Task item → Every line below from the one with "Barge rousse Limosa" through the one with "По сумме баллов" should be retyped exactly, both ends included; no other lines and no pictures.

*** Block opens ***

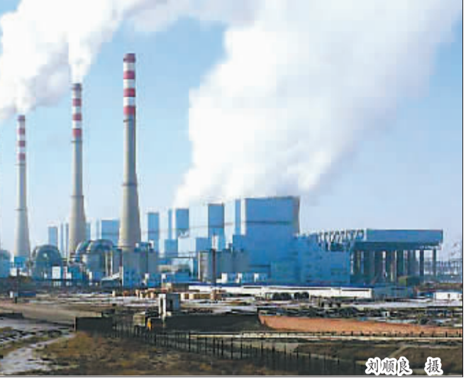
最新的国家电网公司调度中心统计数据显示,今年6月上旬,全国日均发电量同比下降0.2%,与5月日均发电量下降3.54%相比,降幅大幅收窄。由此可见,国内发电量的回暖迹象愈来愈明显。

水平,公司以优质可靠的电力供应服务于自治区经济发展大局,作出了突出贡献,但企业自身却无法通过正常经营积累电网建设资金,电网投资能力严重不足。
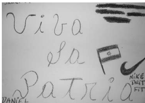
Figura 2: Pancarta

fuere. En esta pancarta (Figura 2), la simbología de la patria aparece casi en plano de igualdad con el logo de Nike, la marca de zapatillas que para muchos jóvenes representa uno de los consumos más anhelados y el pasaporte de inclusión en la ciudadanía del consumo, la única válida desde el punto de vista de la ideología del mercado en el capitalismo tardío. Aunque alguien pudiera tomarlo como una conjunción puramente casual, nos parece que la aparición del máximo símbolo del Estado (la bandera) junto con uno de los logos más conocidos de las corporaciones capitalistas actuales, en una pancarta para llevar al cabildo abierto que fundó la Nación, no deja de tener su carácter sintomático. Curiosamente, es la única pancarta que incluyó una leyenda asociable al canon escolar-patriótico (“Viva la patria”).
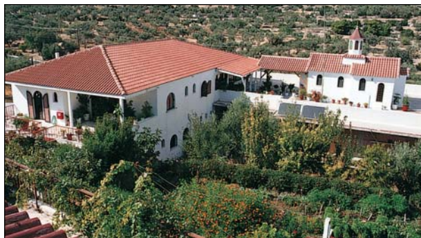
«Οἶκος Ἁγίου Ἰωσήφ» Φυλῆς Ἀττικῆς.
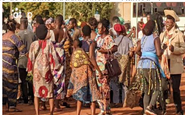
La danse Kamou

Cette manifestation culturelle vise à rendre un hommage au Père de la nation, feu Gnassingbé Eyadema. L'événement a mobilisé un parterre de personnalités, notamment
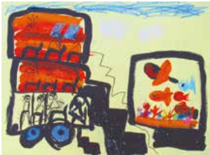
晴嵐幼稚園 5歳児 西浦 実玖 「おともだちいっしょに3かいだてのぼすにのってすいそくかんへしゅっぱつ!」
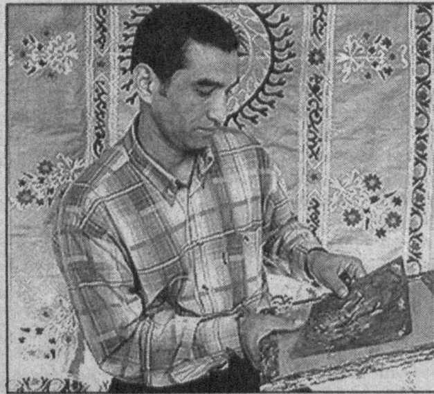
сказкой эпохи Мавераннахра.
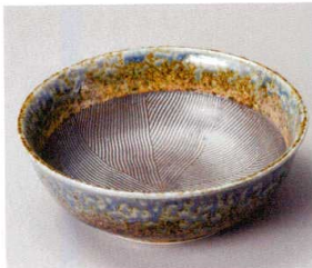
11101-240 民芸藍流し5.5中鉢 900円 (166×58mm)
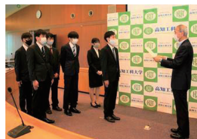
「高知県サイバー防犯ボランティア」委嘱の様子

県警察本部から委嘱をされ、Twitter のような SNS を中心に不適切な書き込みが掲載されていないか、また、インターネット上に情報の搾取を目的としたサイト(フィッシングサイト)がないかをパトロールしています。継続的に行うことを重視しており、メンバー各々が活動できる時間帯に主に個人単位で確認をしています。
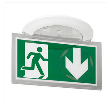
BAES d'évacuation encastré à LEDs 45lm 1h Kickspot IP40 IK04 plastique SATI Connecté
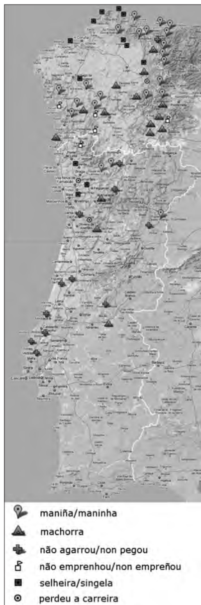
Mapa 4. 'Vaca libre, sen crías'. Formas con destacada presenza nun país e minoritarias no outro. Formas minoritarias.
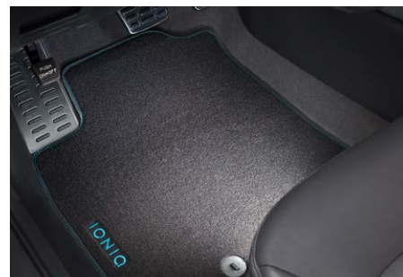
Velúrszőnyeg garnitúra - 25 200 Ft
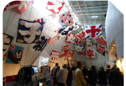
大凧が会場いっぱいに展示
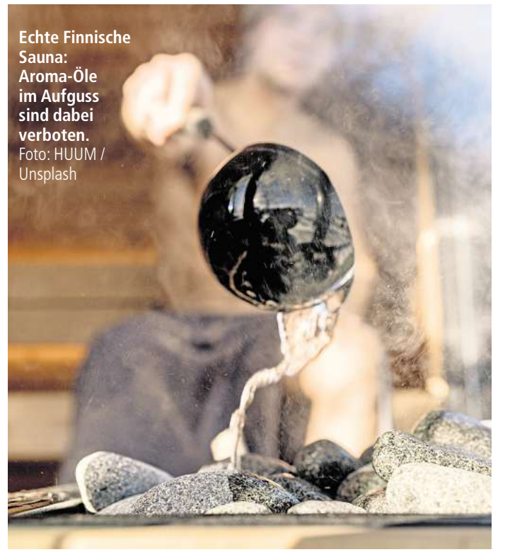
Echte Finnische Sauna: Aroma-Öle im Aufguss sind dabei verboten.

Ja, die finnische Sauna ist etwas sehr Demokratisches. Ein fester Stundenplan für einen Aufguss, wie es in Deutschland gibt, wäre in Finnland undenkbar, genauso wie die Sanduhr an der Wand. Oder dass man sich ein verrückt großes Handtuch mitbringen muss, auf dem man sitzt. Solche starren Regeln gibt es hier nicht. Während in Finnland einfach alle in der Sauna sitzen und sich entspannen, tritt in Deutschland ein sogenannter Saunameister in die Mitte und zieht die ganze Aufmerksamkeit auf sich. In dem Moment kriert
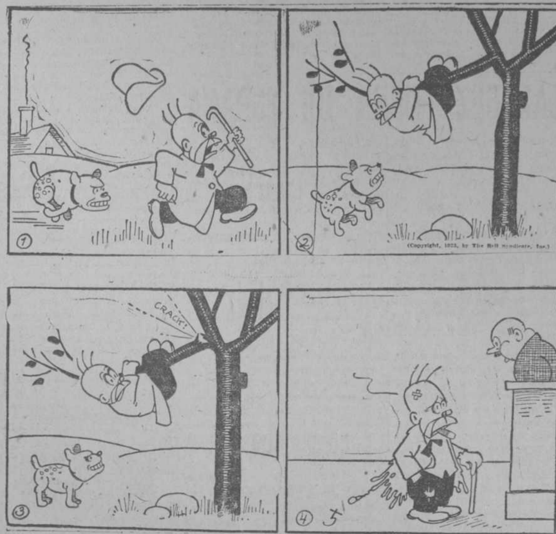
Inspector, ¿puede usted colocarme en la recogida de perros?
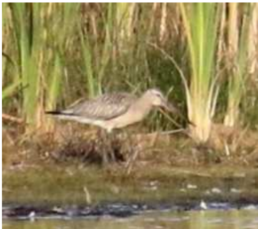
Barge rousse Limosa lapponica , octobre 2017, Lussat (23) J.P. Toumazet.

Le dernier contact avec la Barge rousse remonte à août/septembre 2013 quand un individu avait stationné cinq semaines à l'Étang des Landes. L'autre homologation régionale était survenue à Neuvic en 2011, l'espèce étant très rare à l'intérieur des terres.
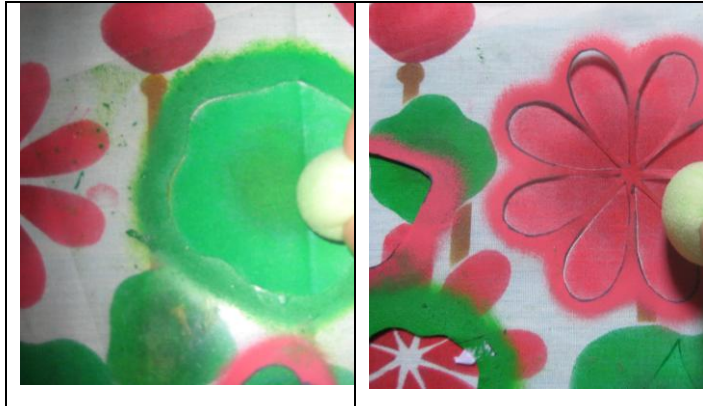
Pemberian Warna pada Acuan Cetak

Peserta membubuhkan warna di atas kain. Warna yang dibubuhkan harus melalui acuan cetak.
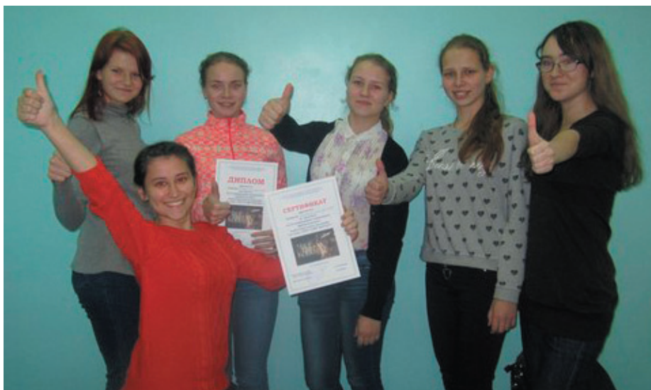
Победители второго чемпионата «Что? Где? Когда?» команда группы 11(9) А

По сумме баллов командами-победителями стали:
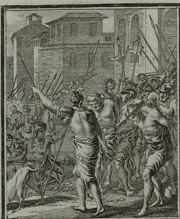
54. LUC. XXIII. 32. Præter Christum, deducuntur & alii duo malefici, ut cum eo interficerentur. Cum Pr: 15. C. M. C. Weigel
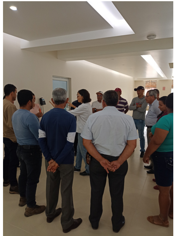
Trabajo en equipo con afiliados a ANCUPA en Shushufindi, Ecuador
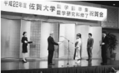
農学部同窓会長賞の授与
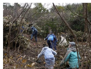
公園遊歩道沿い斜面
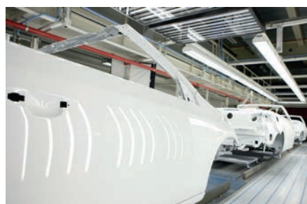
Industria del automóvil
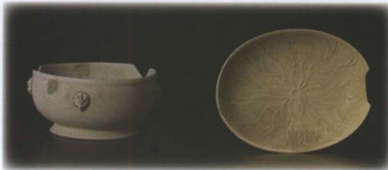
Foto 15. Mangkuk dan piring
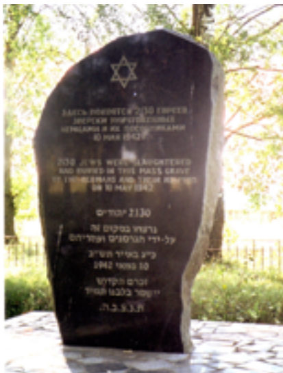
Памятник евреям г. п. Радунь – жертвам Холокоста.
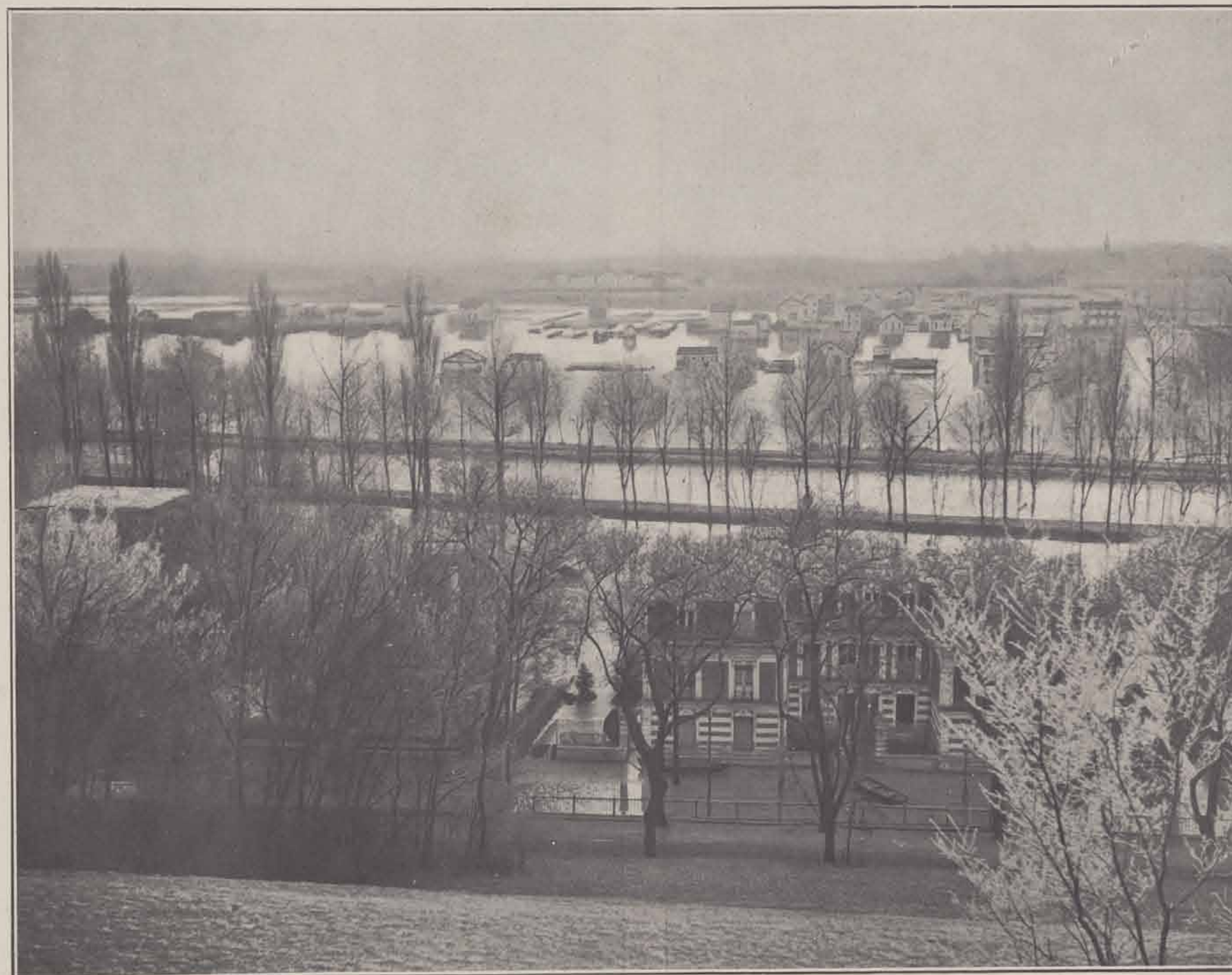
VUE GÉNÉRALE PRISE DU PLATEAU DE GRAVELLE
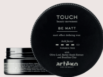
BE MATT Matt effect wax met medium-strong hold. Bevat Braziliaanse klei.
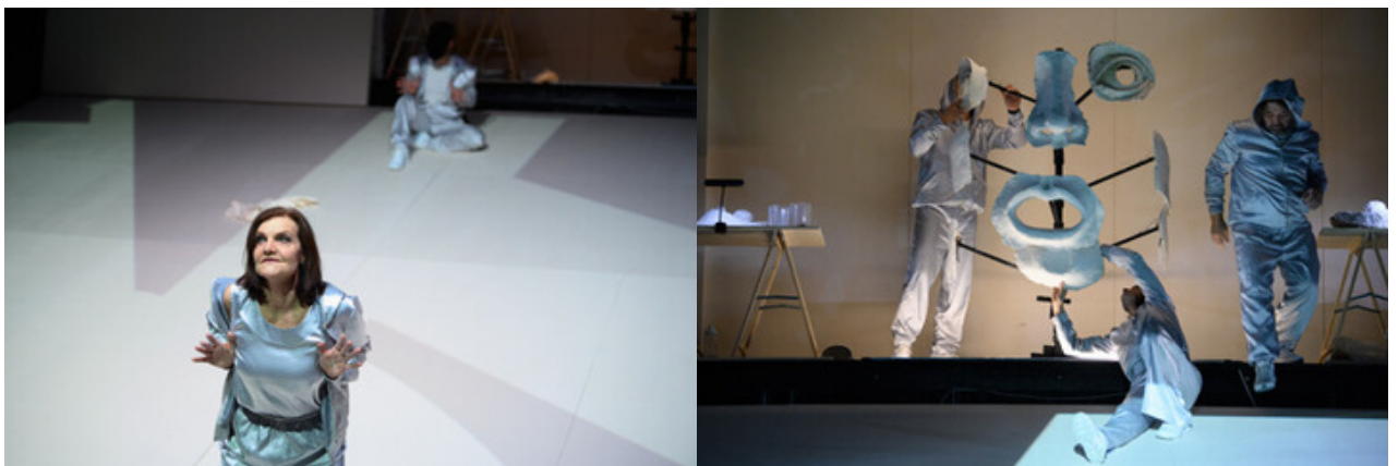
Divadelná inscenácia Iokasté

Predstavenie trvá 65 minút. Podrobnejšie informácie a vstupenky nájdete na tomto odkaze .
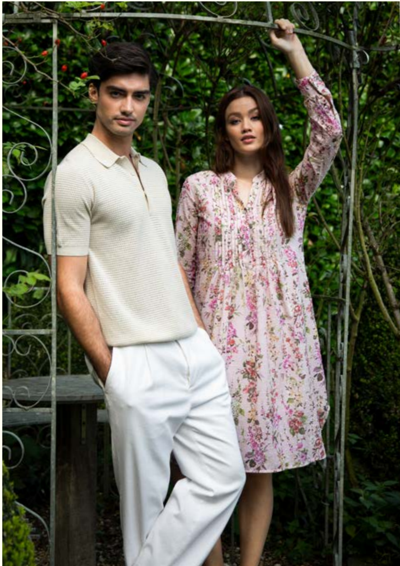
Strickshirt Samero S00267/120
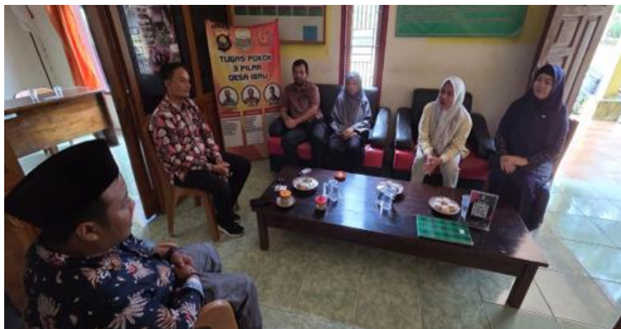
Gambar 1. Kunjungan dan Survei Lokasi Pengabdian

Tahap pertama dalam kegiatan PKM ini adalah mengunjungi lokasi pengabdian untuk silaturahmi kepada pemerintah Desa Ibru dan survei lokasi pengabdian. Tim pengabdian disambut baik dan hangat oleh Kepala Desa Ibru dan Direktur BUMDes Suka Makmur. Tim pengabdian memperkenalkan diri dan menyampaikan maksud untuk rencana pelaksanaan PKM di Desa Ibru dan berdiskusi tentang kapan waktu yang tepat dilaksanakan sosialisasi dan pelatihan, dapat dilihat pada Gambar 1.
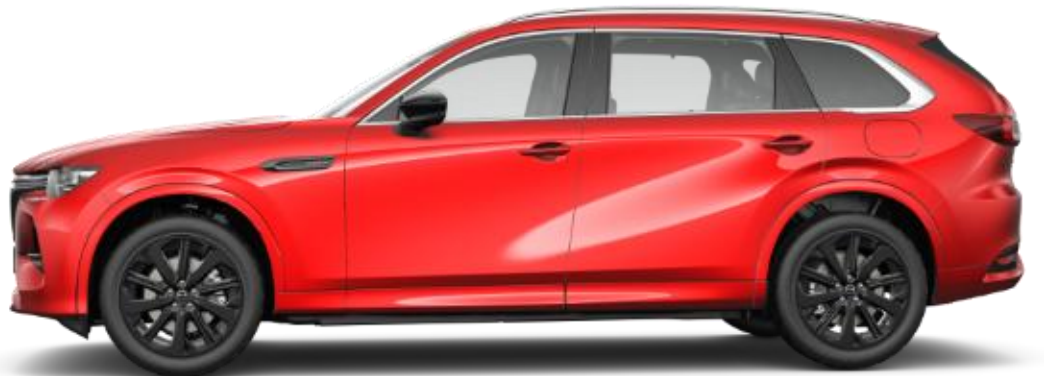
20-tollised musta "Black" viimistlusega valuveljed (235/50R20)

*** Block closes ***

Answer to this task →
Barge rousse Limosa lapponica , octobre 2017, Lussat (23) J.P. Toumazet.

Le dernier contact avec la Barge rousse remonte à août/septembre 2013 quand un individu avait stationné cinq semaines à l'Étang des Landes. L'autre homologation régionale était survenue à Neuvic en 2011, l'espèce étant très rare à l'intérieur des terres.
Pemberian Warna pada Acuan Cetak

Peserta membubuhkan warna di atas kain. Warna yang dibubuhkan harus melalui acuan cetak.
Победители второго чемпионата «Что? Где? Когда?» команда группы 11(9) А

По сумме баллов командами-победителями стали:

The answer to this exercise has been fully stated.